A very slow basal layer underlying large-scale low-velocity anomalies in the lower mantle beneath the Pacific: evidence from core phases

A multi-phase analysis using long-period World Wide Standardized Seismograph Network and Canadian Network data has been conducted using core-phases for deep focus events from the southwest Pacific. These include SKS, S2KS, SV_diff, and SP_dKS. The last phase emerges from SKS near 106° and is associated with a P-wave diffracting along the bottom of the mantle. Patterns in S2KS - SKS differential travel times (T_{S2KS - SKS}) correlate with those in SP_dKS - SKS (T_{SPdKS - SKS}). T_{S2KS - SKS} values strongly depend on variations in V_S structure in the lower third of the mantle, whereas T_{SPdKS - SKS} values mainly depend on V_P structure and variations in a thin zone (100 km or less) at the very base of the mantle. Anomalously large T_{S2KS - SKS} and T_{SPdKS - SKS} values (relative to the Preliminary Reference Earth Model (PREM)) are present for Fiji-Tonga and Kermadec events (recorded in North and South America), along with anomalously large SV_diff amplitudes well into the core's shadow. More northerly paths beneath the Pacific to North America for Indonesian and Solomon events display both PREM-like and anomalous times. A model compatible with the observations is presented, and contains a thin very-low-velocity layer at the base of the mantle that underlies the large volumetric lower-mantle low-velocity regions in the southwest Pacific.
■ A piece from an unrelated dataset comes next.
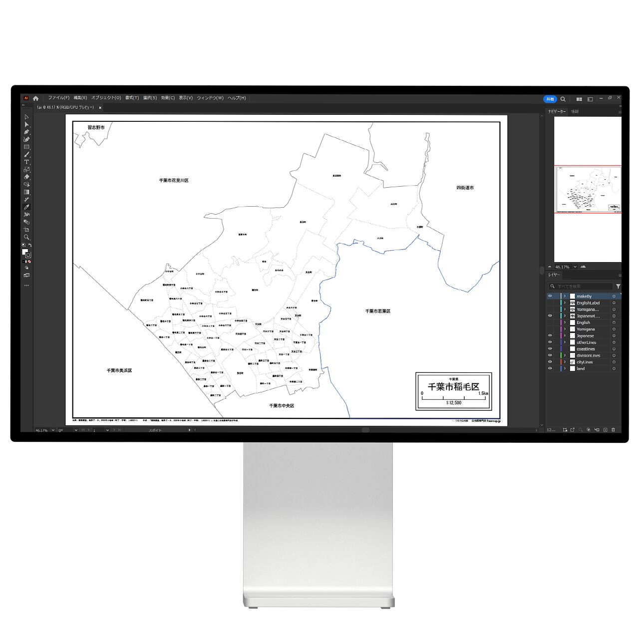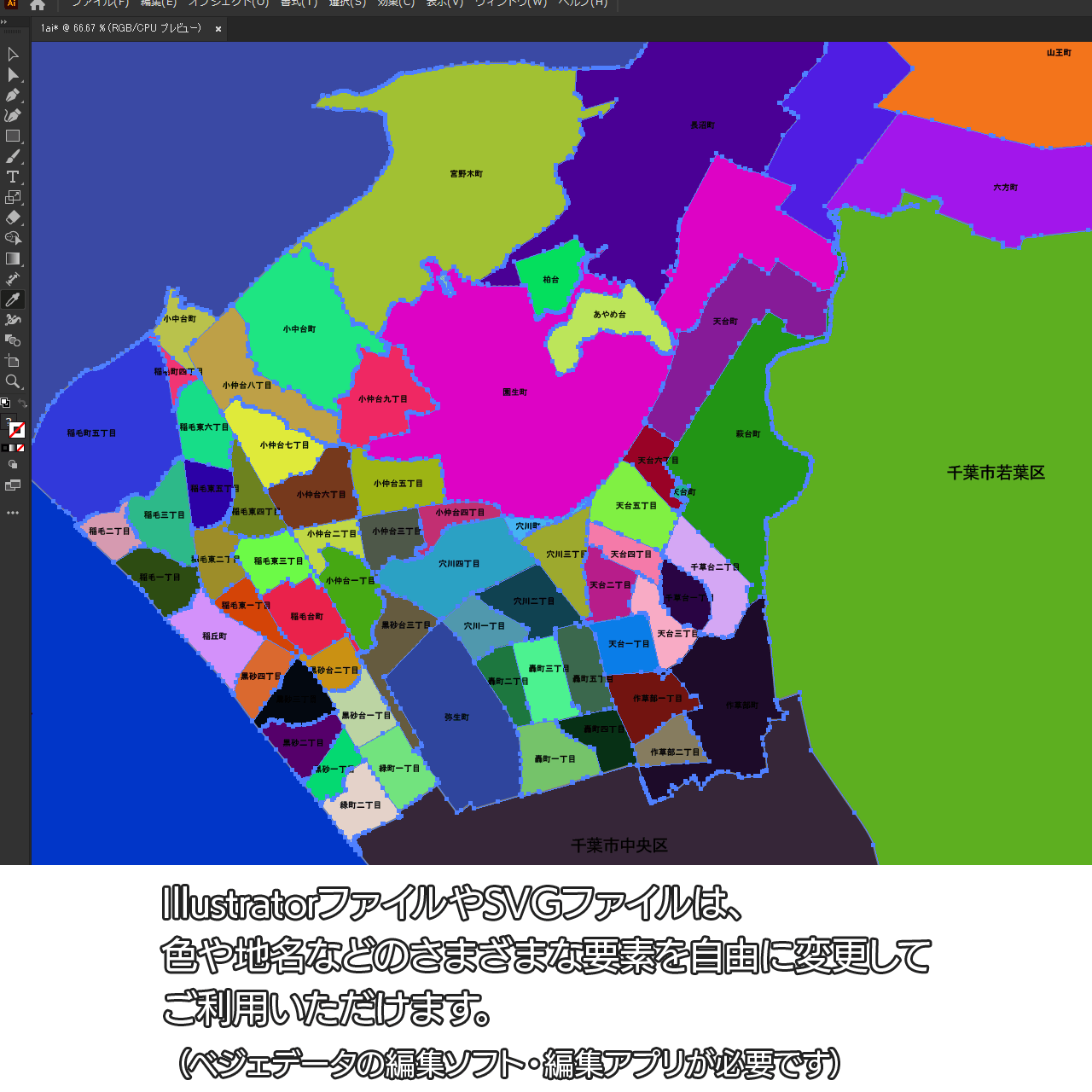 千葉市稲毛区:町名も記載の地図データ(PDF・Aiファイル)
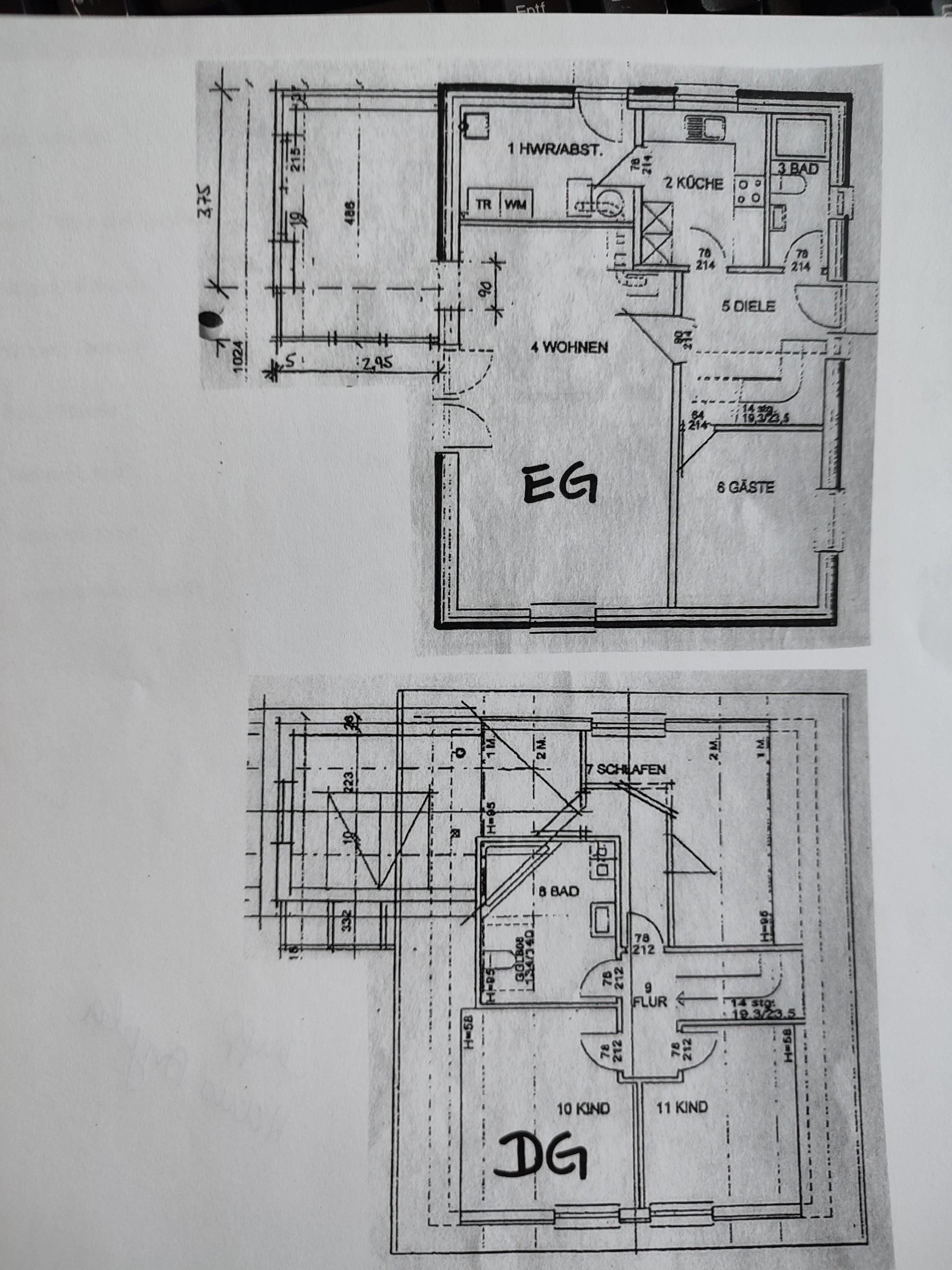 Weiterhin befindet sich im EG 1 Schlafraum mit einem 1,80 x 2,00 m Doppelbett und ein Gäste-WC mit Dusche.

A low-velocity layer of 20-100 km thickness with reductions of up to 5-10% (relative to PREM) can reproduce T_{SPdKS - SKS} as well as SV_diff amplitudes. Large-scale (more than 1000 km) lower-mantle V_S heterogeneity (2-4%) can explain long-wavelength trends in T_{S2KS - SKS}. The exact thickness and velocity reduction in the basal layer is uncertain, owing to difficulties in resolving whether anomalous structure occurs on the source- and/or receiver-side of wavepaths (at the CMB).